Liberal, aber nicht aalglatt
Konsequenterweise ist der Bürgermeister im Mai aus der SPD wieder ausgetreten und derzeit parteilos. Zur CDU und ihrem riesigen, von oben durchregierten Apparat würde der Freigeist freilich auch nicht passen. Wählen, sagte Neubauer, würde er wahrscheinlich die Grünen, was Sinn ergäbe, wenn man an die Grünen von früher dächte als eine wenig etatistische Partei, die sie einmal gewesen sind. Aber heute?
Wenn man genauer zuhört, dann müsste das Ex-SPD-Mitglied eigentlich etwas ganz anderes verkünden. Dass er nämlich der FDP nahestehe. „Wir haben eine Hybris etabliert, die den Menschen ein Vollkasko-Leben verspricht“, wetterte er auch. All das passt genau in das Profil der Liberalen, die Eigenverantwortung und Privatinitiative seit jeher großschreiben. Nur wird er sich mit dem smarten, mitunter kalt-glatten Christian Lindner kaum identifizieren können.

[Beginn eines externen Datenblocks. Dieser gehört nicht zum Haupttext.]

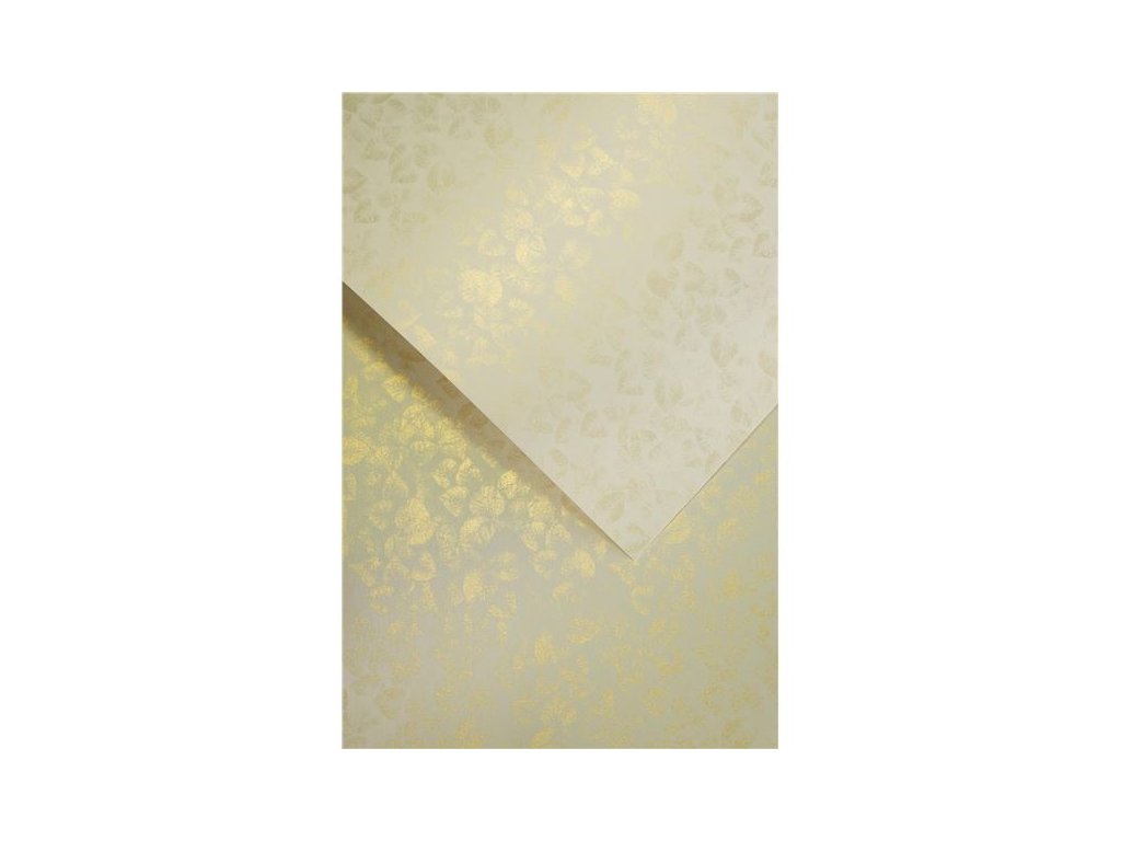 - Motiv drobných zlatých listů po obou stranách papíru
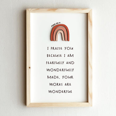A celebration of God’s promise, the Rainbow series is filled with vibrant joy and biblical truth. Featuring hand-painted arches and soft, cheerful tones, each piece serves as a gentle reminder of God's love
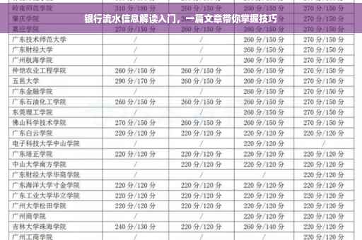 随着个人财务管理的重要性日益凸显,越来越多的人开始重视自己的银行流水信息,银行流水不仅是记录收支情况的简单清单,更是反映个人财务状况和理财习惯的镜子,学会解读银行流水信息对于个人财务管理至关重要,本文将为大家详细介绍如何读懂银行的流水账单,帮助大家更好地掌握个人财务状况。
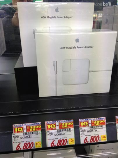 昔のPowerBook用と違って、マグセーフになったからもう絶対に壊れないだろうと思っていたミスター用MacBookAirのACアダプターが壊れたとゆ〜事で、新橋のヤマダ電機さんで購入。相変わらず、た、たっけ〜なぁ〜!マグセーフ部分は問題ないのですが、ケーブルがよじれて断線した模様。どうゆ〜使い方したらこれが壊れるのでしょうか?不思議です。
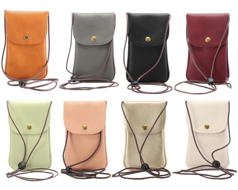 Comprar Universal PU cuero teléfono celular hombro bolsillo cartera bolsa funda con correa para el cuello para Samsung para IPhone 11 12 13 Pro bolsa de teléfono
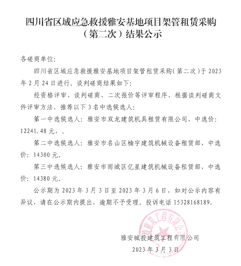 四川省區(qū)域應急救援雅安基地項目架管租賃采購(第二次)結果公示
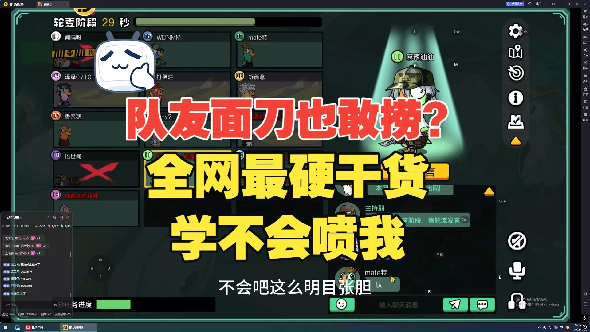 这是一场鹅鸭杀13人进阶场的对局,玩家拿到呆呆鸟角色,轮麦阶段里,有玩家踩警长,警长淡定应对,还有法医参与发言,玩家们各述情况,场面趣味十足。

Kurz: Solche wie Neubauer lassen sich in kein politisches Schema ein- oder gar einer Partei zuordnen. Ausgerechnet solche wie ihn kann Deutschland aber gut gebrauchen: lokal verortet, pragmatisch, authentisch, eigenwillig, kreativ und vor allem engagiert.

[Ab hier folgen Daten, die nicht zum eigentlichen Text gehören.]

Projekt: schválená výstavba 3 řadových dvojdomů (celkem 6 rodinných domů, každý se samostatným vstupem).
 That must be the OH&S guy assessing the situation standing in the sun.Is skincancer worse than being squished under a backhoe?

So manifestieren sich die Schwächen des politischen Systems, in dem sich die politischen Eliten von der Bevölkerung entfernt und die Parteien ihre Bindungskraft verloren haben, nicht nur in der Politikverdrossenheit breiter Teile der Bevölkerung, sondern bedauerlicherweise und besonders schmerzhaft gerade in jenen, die sich ernsthaft politisch engagieren.